La suite de mon expérience africaine m’apprit néanmoins que mon angélisme devait s’armer d’une dose de réalisme. Les différentes tentatives de vol du personnel local étaient bien réelles et même fréquentes. Et si je les interprétais différemment que la majorité des expatriés, étant plus détaché de l’organisation et de ses aspirations que ne l’étaient la plupart d’entre eux, il n’en demeurait pas moins que nous devions composer avec cette réalité. Mon engagement futur dans l’humanitaire me permettra de clarifier cette question sur laquelle nous reviendrons plus tard.

Ajoutons quand même ici, pour nuancer ce qui est dit plus haut, que la mission et le type de travail inhérent aux organisations humanitaires sont propices à ce type de méfiance et de distance envers les locaux. Dès ce premier briefing par exemple, on m’expliqua qu’afin d’éviter une trop grande proximité avec les logiques et les façons de faires locales - qui sont souvent corrompues et violentes - MSF demande qu’un expatrié ne reste jamais plus de 2 ans au même endroit, la durée moyenne de la plupart des contrats étant d’environ 6 mois. On m’expliqua qu’au-delà de 2 ans de présence dans un pays, cela nous rend très familier avec ce dernier et nous fait accepter et prendre comme allant de soi des situations qui devraient plutôt nous

indigner. Afin de garder l’indignation humanitaire pure et libre de « valeurs locales », l’organisation préconise ainsi une certaine distance d’avec les locaux.

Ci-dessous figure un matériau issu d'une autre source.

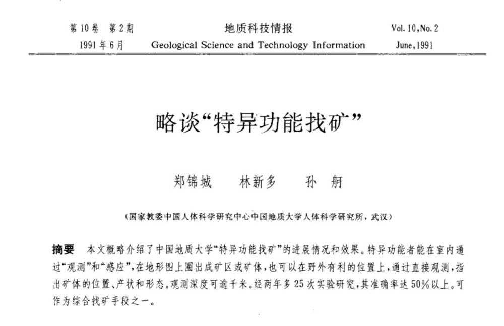 《略谈“特异功能找矿”》一文的作者之一孙×,自认具有“脑中成像”的特异功能,可用于矿藏勘探,于1988年被中国地质矿产部免试特招进入中国地质大学(武汉)地质矿产系,后就职于中国地质大学人体科学研究所(北京),从事“用特异功能找矿”(诗人海子迷恋气功也与之有关)。论文声称,他们通过“20多次实验”,已经证实“特异功能找矿”可行,且具有速度快、省人力物力的优点,且预言道:

À cela s’ajoute le fait que les interventions en contexte de guerre se déroulent la plupart du temps en milieux hautement politiques, où la distinction amis/ennemis est portée à son paroxysme. Toute une tradition humanitaire voit donc logiquement dans l’extériorité au contexte, la condition même d’une action impartiale et neutre de la part des secouristes. En ce sens, la distance d’avec les populations locales est en quelque sorte inscrite dans « l’ADN » humanitaire et constitutive de sa manière de se déployer dans le monde. Cela, nous le comprenons tous dès les premiers moments de vie en projet humanitaire, ne serait-ce que par la distance physique rencontrée dès les premières journées de missions (quartiers résidentiels luxueux, restaurants dispendieux, etc.).

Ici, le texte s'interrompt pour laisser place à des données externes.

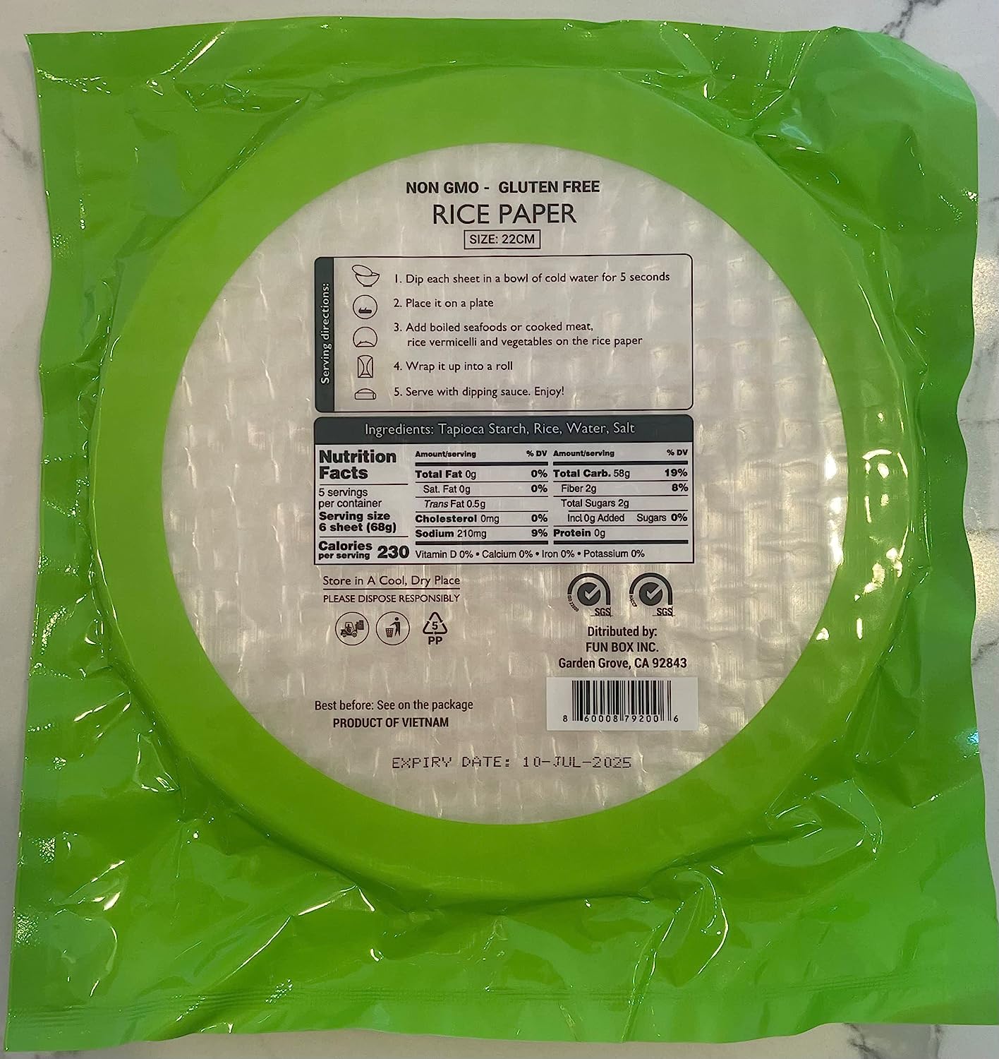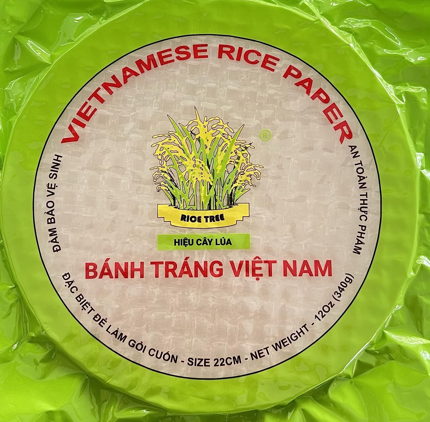 ORGANIC Spring Roll Rice Paper Wrapper for Fresh roll (22cm, Round, 12 oz), NON GMO, GLUTEN FREE, Made In Vietnam, Banh Trang Goi Cuon

Les arguments avancés pour justifier la séparation expatriés/locaux me convainquit par leur logique. Il est vrai par exemple que l’on s’habitue rapidement à des situations qui, vues d’Europe ou d’Amérique du Nord, sont très violentes ou inacceptables. Il est vrai aussi qu’une distinction claire entre secouristes et locaux participe de l’aspiration à la neutralité, sans laquelle il serait difficile d’évoluer dans les contextes de guerres. Mais je gardai spontanément une aversion quant à la distance que prenait l’organisation d’avec les populations locales. L’impression prégnante que nous étions en mission pour l’humanitaire, et non pas pour les populations aidées, m’habita dès le départ. D’autant plus que ce que je voyais autour de moi après ces quelques jours dans le pays ne correspondait pas du tout à l’image que renvoyaient les expatriés expérimentés que je côtoyais.

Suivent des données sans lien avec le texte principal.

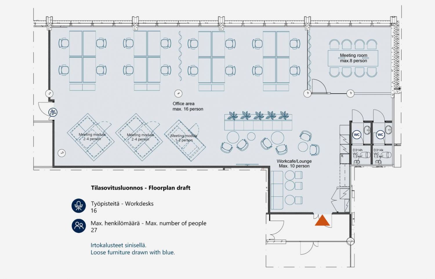 Tervetuloa Troolin D-rappuun! Tämä hiljattain kokonaan remontoitu, neliöiltään tehokas toimistotila tarjoaa loistavat puitteet työskentelyyn 10-27 hengelle. Valoisaan avotilaan mahtuu mukavasti tiimityöskentelyyn, ja lisäksi käytössäsi on erillinen neuvotteluhuone, joka soveltuu 8 hengen kokouksiin.

Je me retrouvais en effet au Zaïre, dans un pays au niveau de sécurité important, qu’on me disait proche de la guerre civile, travaillant pour une organisation humanitaire d’urgence, dans une ambiance où le rire, les danses, la spontanéité et les fêtes me paraissaient à première vue beaucoup plus joyeuses et agréables, voire « paisibles » que ne pouvait l’être, par exemple, le hall d’entrée du bureau de MSF à Paris.